NEW ORLEANS—“Flexibility is an incredible tool,” Kelly Hughes, an attorney in Ogletree Deakins’ Charlotte, N.C., office told attendees May 9 at the firm’s 2013 Workplace Strategies seminar. “It shows you value your employees, and in return you get loyalty.”
What is workflex? “People think of workflex as a program, but it’s a process for solving problems and increasing effectiveness and efficiency in and out of work,” explained Kenneth Matos, senior director of employment research and practice at the Families and Work Institute. Think of workflex as a dynamic partnership between employers and employees that defines how, when and where work gets done in ways that work for all—including families, clients and communities, he said.
The Effective Workplace
Workflex is part of an effective workplace that focuses on all aspects of an organization. Be aware of its effect on managers and co-workers, however. A mistake employers make in setting up a workflex schedule for one employee is that they consider that employee only, when they should talk with supervisors as well as co-workers.
Consider all the stakeholders and communicate with all of them. “Team discussions are so critical,” Hughes emphasized, and all parties—management, supervisors, the employee and co-workers—must discuss flexible schedules that complement the team’s sequence of work and develop collaborative styles that incorporate remote work or mobile offices.
Have strategies in place that include explicit and open rules about the requirements for employee eligibility for time and place flexibility, including shift or task trading, reduced time and time off. For example, a strategy for time-management options should define the requirements and limitations for eligibility for shift or task trading, minimum and maximum hours, and the method for inputting and approving changes. Otherwise, shift swaps, especially, may become overwhelming for managers, Matos said.
Reduced-time schedules help employees stay on during personal events or while they are enrolled in external educational or developmental programs and create opportunities for job trials with potential employees, such as veterans. When decreasing an employee’s workload, make sure to include assignments that will challenge and develop that individual. Also be sure to consider the impact on other programs that are tied to work hours.
For managing time off, Hughes and Matos advised that a workflex policy be explicit about how vacations are scheduled. Moreover, to reduce the need to communicate with an employee during his or her time off, cross-train staff to cover for one another, use shared file systems so others may access them as needed and develop pre-vacation checklists to tie up loose ends.
Cultivate a Positive Workflex Culture
To prevent the development of a culture where time put in at the office is valued over performance, be clear with staff about the business and personal value of workplace flexibility, said Matos. Do that by cultivating staff members’ creative problem-solving skills. Give them information, tools and resources to be effective. They, in turn, will help you develop flex processes that incorporate—not merely tolerate—flexible work.

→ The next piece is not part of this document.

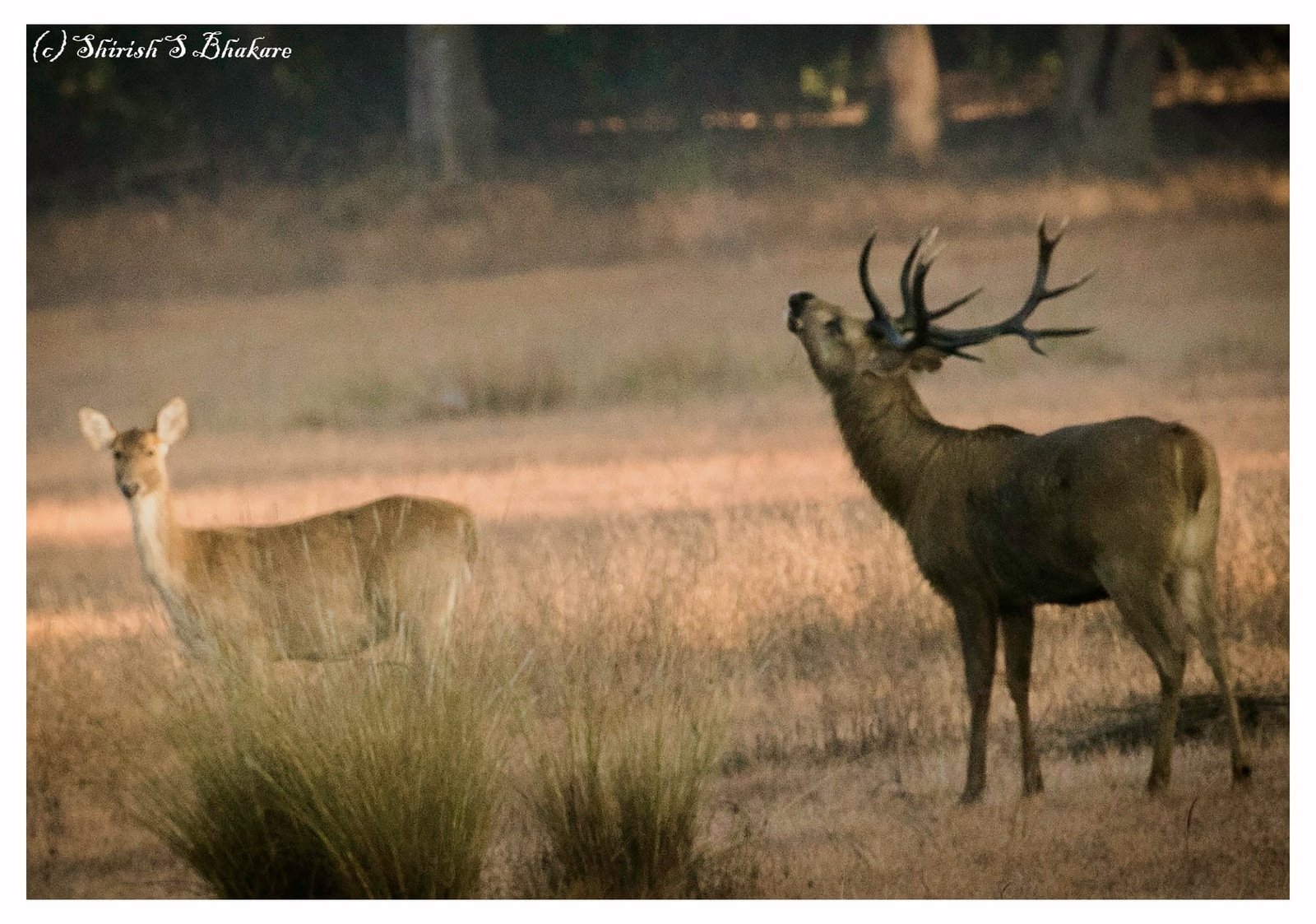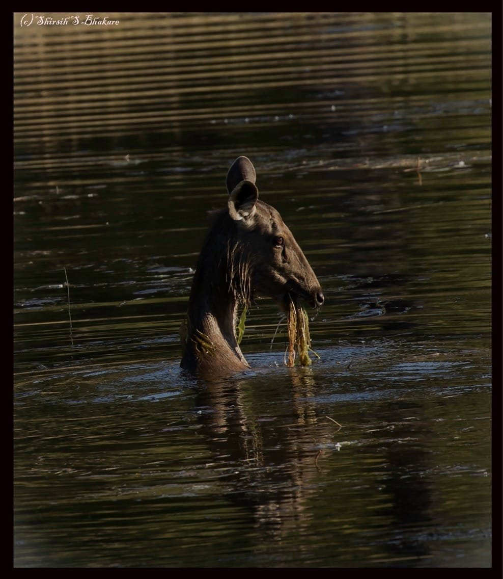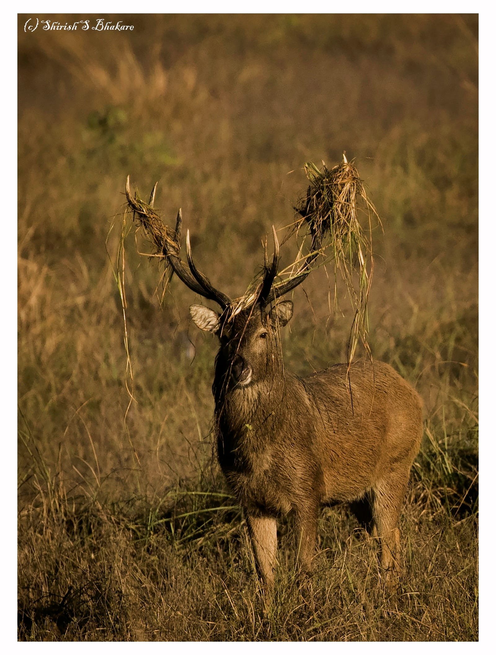 If you want to see Bhoorsingh, Kanha meadows is place to go. The presence of this magnificent deer enriches the meadows. The behaviour of Bhoorsingh is fun to observe. A male will have a harem of up to 20 females. To ensure his genes continue to flourish he has to guard the harem, defend against challengers and mate with his concubines in heat. During courtship, male will announce his presence to competitor males by loud sound like roar. To appear bigger and impressive to the females and competition, the male will decorate antlers with grass. If required they will get into fights with other males and ensure they father new generation. Mating season generally is from September to April. Fawns are born August to November when the grass is green to feed and hide from predators.

Use pilot programs to learn how to put flexibility into practice, not as a way to decide whether to offer it. Make sure you start implementing workflex with ongoing mechanisms in place to collect feedback on what works and what needs to be improved.
To maintain momentum, continue to educate all of your managers, and create opportunities to recognize managers who promote flexibility. Hughes and Matos also suggest that you build workflex into the company’s accountability system and other key management systems. And don’t revoke flexibility as a punishment.
Workflex is not just what you do for employees; it’s what you do with employees, said Hughes, and it’s very important not to let the conversation with employees break down. Always ask whether there is another way to make it work through open communication with all the stakeholders.
Susan R. Heylman, J.D., is a freelance legal writer and an editor based in the Washington, D.C., area.